Runtime Support for Atomics¶
The following information is meant to describe the underlying runtime support for Chapel's Atomic Variables.
For more information on Atomic Variables refer to the Chapel
Language Specification, or for a list of available functions on
Atomics see Atomics
For code examples using atomics, see the atomics.chpl primer.
Overview¶
Atomic variables are a built-in type that support predefined atomic
operations. Currently, Chapel supports processor-provided atomic
operations on bool
, as well as all sizes of int
, uint
,
and real
for most backend compilers (see Setting up Your Environment for Chapel
for the current list of supported compilers.) Initial support for
network-provided atomic operations is also available. See the
platform-specific documentation to check if
network-based atomics are available for your platform
The choice of supported atomic variable types as well as the atomic
operations were strongly influenced by the C11 standard. A notable
exception is that Chapel supports atomic
fetch-and-add/fetch-and-subtract operations on real
types as well.
The specific implementation of atomics can be selected via the
environment variable CHPL_ATOMICS
. Similar to the other Chapel
environment variables, an appropriate default is chosen when not
specified, and not all implementations are available for all
settings. Chapel currently supports three atomics implementations:
cstdlib
, intrinsics
and locks
. This environment variable
also specifies the atomic implementation used by the Chapel runtime.

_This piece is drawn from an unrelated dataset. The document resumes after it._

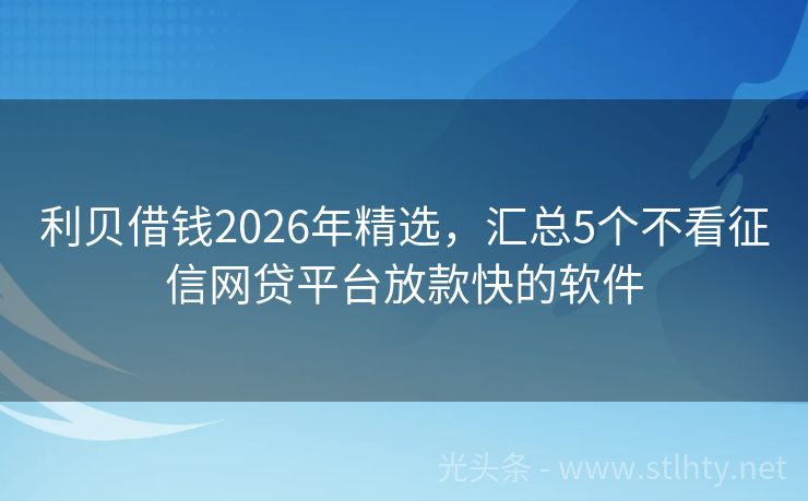 利贝借钱2026年精选,汇总5个不看征信网贷平台放款快的软件

If compiler support for atomics is available, the atomic operations will be mapped down the appropriate compiler intrinsics which often map directly to processor atomics. If intrinsics are not available, the atomic implementation defaults to using locks in the form of Chapel's sync vars. As a result the locks implementation will be slower than the intrinsic implementation. Since Chapel's atomics were modeled after the C11 edition of the C standard, the cstdlib implementation is just a wrapper around C standard atomics. As C11 support becomes more prevalent and reliable, cstdlib will become the default in some configurations.
Currently, unless using network atomics, all remote atomic operations will result in the calling task effectively migrating to the locale on which the atomic variable was allocated and performing the atomic operations locally.
If supported, the network atomics implementation can be selected via
the environment variable CHPL_NETWORK_ATOMICS
. If set, all
variables declared to be atomic will use the specified network's
atomic operations. It is possible to override this default by using
the undocumented internal function chpl__processorAtomicType()
defined in $CHPL_HOME/modules/internal/Atomics.chpl
. Over time
we will add a more principled way for explicitly requesting
processor atomics, and this function may disappear.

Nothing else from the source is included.